The Member noted that there was nothing in the evidence to reveal what the Applicant was doing in his employment as a Business Analyst which led his co-worker to allegedly frame him. He said that the fact that the two men worked at the same place was not sufficient to establish that employment was a substantial contributing factor to his injury. He said that if there was some evidence that the notebook which had been tampered with was an integral part of the Applicant’s duties, or that there was a unique working relationship between the Applicant and his co-worker which would allow a connection to be made between the work being performed by them and the injury, an argument could be made that the injury arose out of or in the course of the Applicant’s employment, and that employment was a substantial contributing factor.
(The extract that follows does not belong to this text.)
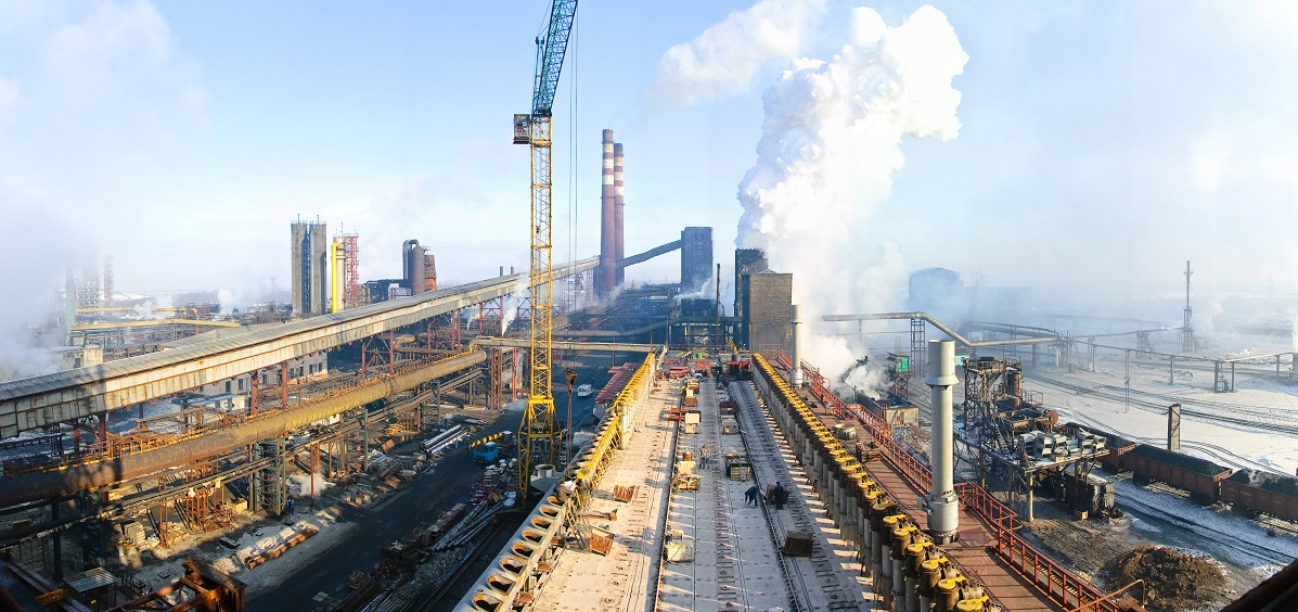 rettytyry

Member Isaksen therefore decided in favour of the Respondent.
Implications
Where a worker has experienced a number of potentially distressing incidents, consideration of the evidence is required in order to determine whether there was a personal injury relatable to one specific event, or a disease injury relatable to a number of events. In order to establish that there was a personal injury, there will need to be evidence of a sudden physiological change at the time of the allegedly causative incident.
This case provides an example of the factors to be considered in determining whether a worker’s injury arose out of or in the course of their employment, and whether employment was a substantial contributing factor to the injury. Member Isaksen considered that there was nothing about the Applicant’s work as a Business Analyst or his working relationship with the co-worker who allegedly betrayed him which would allow a connection to be made between the work being performed by them and the injury. Neither was there any evidence that the notebook tampered with was an integral part of the Applicant’s duties.